ACTIVITY:
Beginning with the line below that contains "湖面龙舟竞渡,锣鼓喧天。我院" and ending with the line that contains "掌上梅州讯 4月19日,在我", retype every line exactly. Pictures are not copied.

[[ INFORMATION SHOWN, beginning ]]

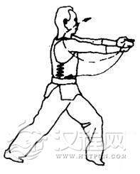 上动不停,左肘下沉,左掌经左向下划弧至左腰间。
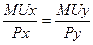 Величину предельной нормы замещения x и y можно представить как отношение предельных полезностей данных благ, так как:
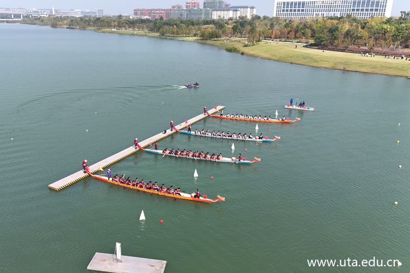 湖面龙舟竞渡,锣鼓喧天。我院选手们身着统一的队服,手持龙舟桨,迎着波浪前行,他们配合默契,力争划出最快的速度,展现出了顽强拼搏的精神。
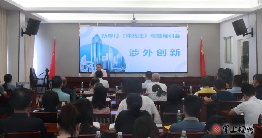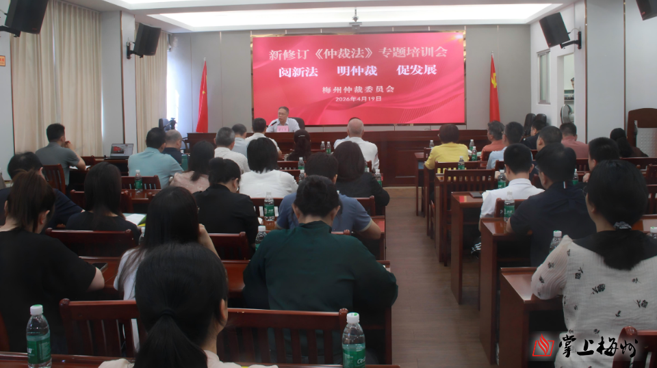 掌上梅州讯 4月19日,在我国首个“全民阅读活动周”启动之际,梅州仲裁委员会举办新修订《中华人民共和国仲裁法》专题培训会。培训会积极响应“共促全民阅读,共建书香社会”号召,以“阅新法、明仲裁、促发展”为主题,将全民阅读的“书香”与法治建设的“法香”深度融合,推动新仲裁法落地实施、提升仲裁服务质效。
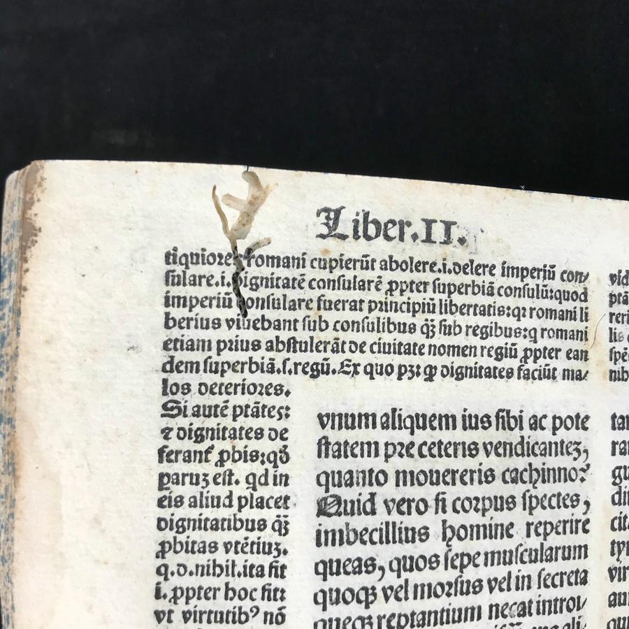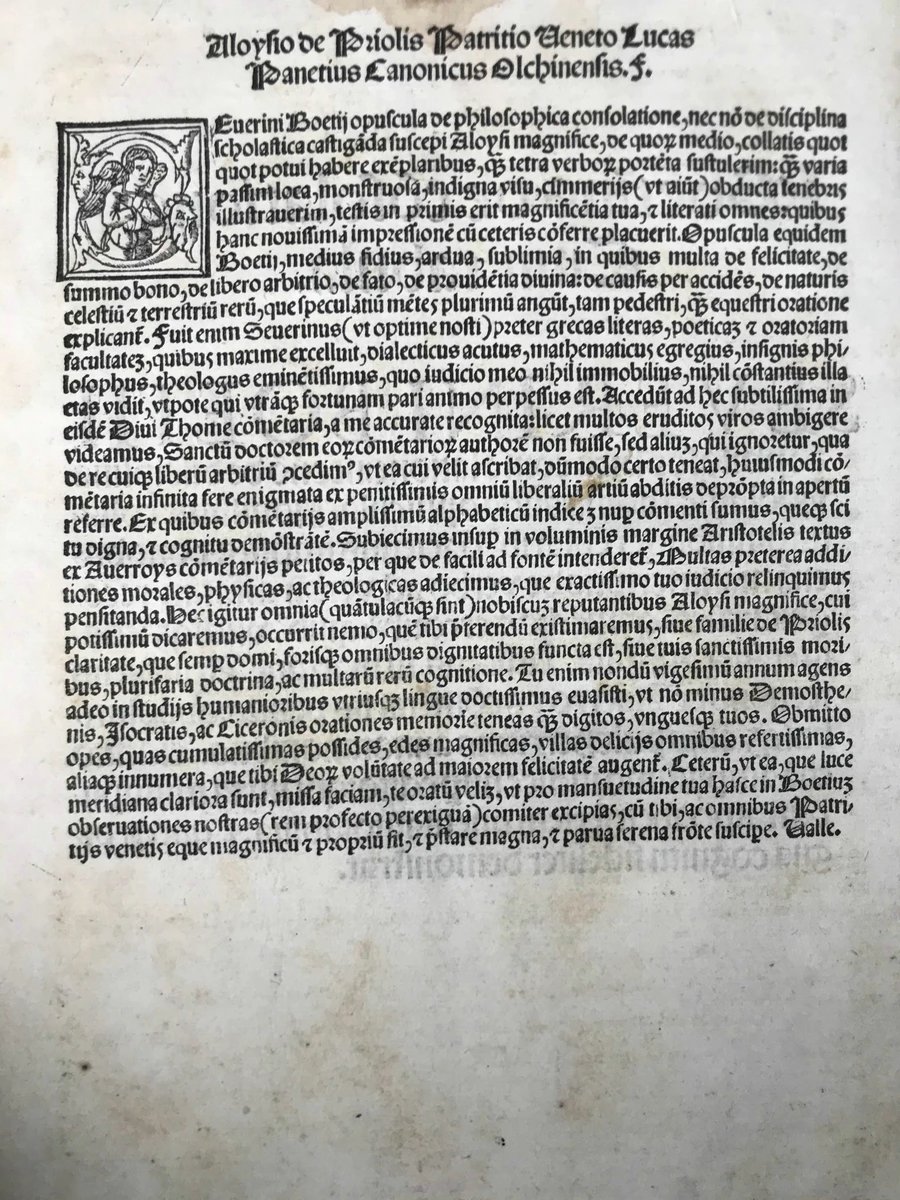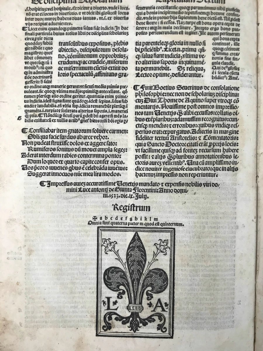是书为古罗马最重要的哲学波爱修斯的代表性作品《哲学的慰藉》,全书采用两栏印刷,由威尼斯著名的出版人Lucantonio Giunti出版,在卷尾有一枚非常漂亮的出版商标识。这个版本还收录了波爱修斯论述disciplina scholastica的内容,文本的修订和批评部分来自16世纪古典学家、修辞家Lucas Panaetius,根据当时的手稿进行了严格的核对,消除了之前的许多错误,尤其是波爱修斯关于亚里士多德的相关内容部分。此外该版本还增加了索引部分,是波爱修斯作品自出版以来最全面的一个版本。

[[ INFORMATION SHOWN, end ]]

ANSWER SPACE:
 湖面龙舟竞渡,锣鼓喧天。我院选手们身着统一的队服,手持龙舟桨,迎着波浪前行,他们配合默契,力争划出最快的速度,展现出了顽强拼搏的精神。
 掌上梅州讯 4月19日,在我国首个“全民阅读活动周”启动之际,梅州仲裁委员会举办新修订《中华人民共和国仲裁法》专题培训会。培训会积极响应“共促全民阅读,共建书香社会”号召,以“阅新法、明仲裁、促发展”为主题,将全民阅读的“书香”与法治建设的“法香”深度融合,推动新仲裁法落地实施、提升仲裁服务质效。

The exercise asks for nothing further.